WHAT YOU NEED TO DO. Would you repeat exactly the part of the listing below that runs from the line containing "Rare LeBron James" down to the line containing "وجاء في نص الخطاب: يطيب", inclusive, and nothing else?

EXTRACTED MATERIAL.

++++++++++++++++++++

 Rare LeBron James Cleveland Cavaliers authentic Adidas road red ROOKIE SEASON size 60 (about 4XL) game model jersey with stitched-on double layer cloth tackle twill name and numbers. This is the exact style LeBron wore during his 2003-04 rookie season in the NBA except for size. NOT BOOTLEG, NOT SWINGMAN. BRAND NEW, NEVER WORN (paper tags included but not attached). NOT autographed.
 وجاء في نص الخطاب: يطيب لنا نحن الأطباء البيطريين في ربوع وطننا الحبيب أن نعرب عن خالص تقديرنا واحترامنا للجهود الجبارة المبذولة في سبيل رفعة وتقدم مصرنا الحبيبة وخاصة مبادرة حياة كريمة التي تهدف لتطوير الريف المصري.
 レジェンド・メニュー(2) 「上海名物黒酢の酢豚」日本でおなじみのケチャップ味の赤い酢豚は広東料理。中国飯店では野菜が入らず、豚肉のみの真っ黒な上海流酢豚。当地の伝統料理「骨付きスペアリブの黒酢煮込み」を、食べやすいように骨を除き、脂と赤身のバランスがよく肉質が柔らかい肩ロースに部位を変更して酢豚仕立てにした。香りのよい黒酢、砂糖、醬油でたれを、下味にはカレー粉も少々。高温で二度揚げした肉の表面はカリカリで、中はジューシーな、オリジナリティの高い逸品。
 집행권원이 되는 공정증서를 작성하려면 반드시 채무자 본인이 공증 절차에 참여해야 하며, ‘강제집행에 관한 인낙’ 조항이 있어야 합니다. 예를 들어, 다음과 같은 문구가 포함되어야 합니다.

++++++++++++++++++++

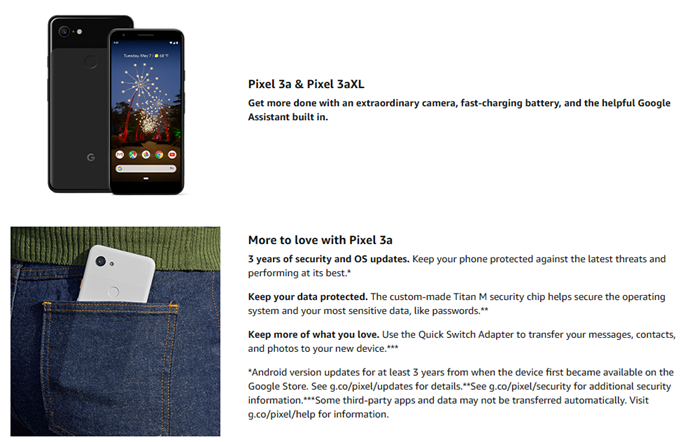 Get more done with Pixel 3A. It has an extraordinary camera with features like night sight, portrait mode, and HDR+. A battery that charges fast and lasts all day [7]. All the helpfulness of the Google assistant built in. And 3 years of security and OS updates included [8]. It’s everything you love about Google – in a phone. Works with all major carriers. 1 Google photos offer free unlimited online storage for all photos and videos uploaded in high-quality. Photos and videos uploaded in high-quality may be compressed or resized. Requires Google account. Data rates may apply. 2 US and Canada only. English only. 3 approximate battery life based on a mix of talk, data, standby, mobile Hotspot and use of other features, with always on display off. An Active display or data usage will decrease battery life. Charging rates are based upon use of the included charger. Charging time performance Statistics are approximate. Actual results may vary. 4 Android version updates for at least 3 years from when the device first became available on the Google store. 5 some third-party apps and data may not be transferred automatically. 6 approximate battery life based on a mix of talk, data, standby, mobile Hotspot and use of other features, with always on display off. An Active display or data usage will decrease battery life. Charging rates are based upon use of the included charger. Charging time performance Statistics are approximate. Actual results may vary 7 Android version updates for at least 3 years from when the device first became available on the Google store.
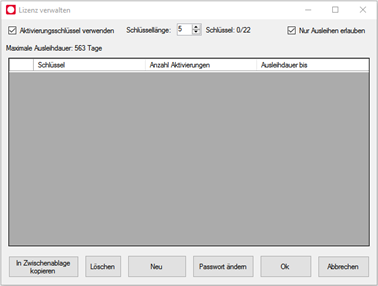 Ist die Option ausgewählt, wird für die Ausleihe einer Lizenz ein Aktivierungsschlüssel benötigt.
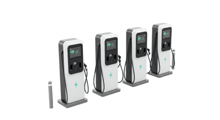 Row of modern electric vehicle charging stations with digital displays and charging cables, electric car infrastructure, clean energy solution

++++++++++++++++++++

EXERCISE RESULT.
 Rare LeBron James Cleveland Cavaliers authentic Adidas road red ROOKIE SEASON size 60 (about 4XL) game model jersey with stitched-on double layer cloth tackle twill name and numbers. This is the exact style LeBron wore during his 2003-04 rookie season in the NBA except for size. NOT BOOTLEG, NOT SWINGMAN. BRAND NEW, NEVER WORN (paper tags included but not attached). NOT autographed.
 وجاء في نص الخطاب: يطيب لنا نحن الأطباء البيطريين في ربوع وطننا الحبيب أن نعرب عن خالص تقديرنا واحترامنا للجهود الجبارة المبذولة في سبيل رفعة وتقدم مصرنا الحبيبة وخاصة مبادرة حياة كريمة التي تهدف لتطوير الريف المصري.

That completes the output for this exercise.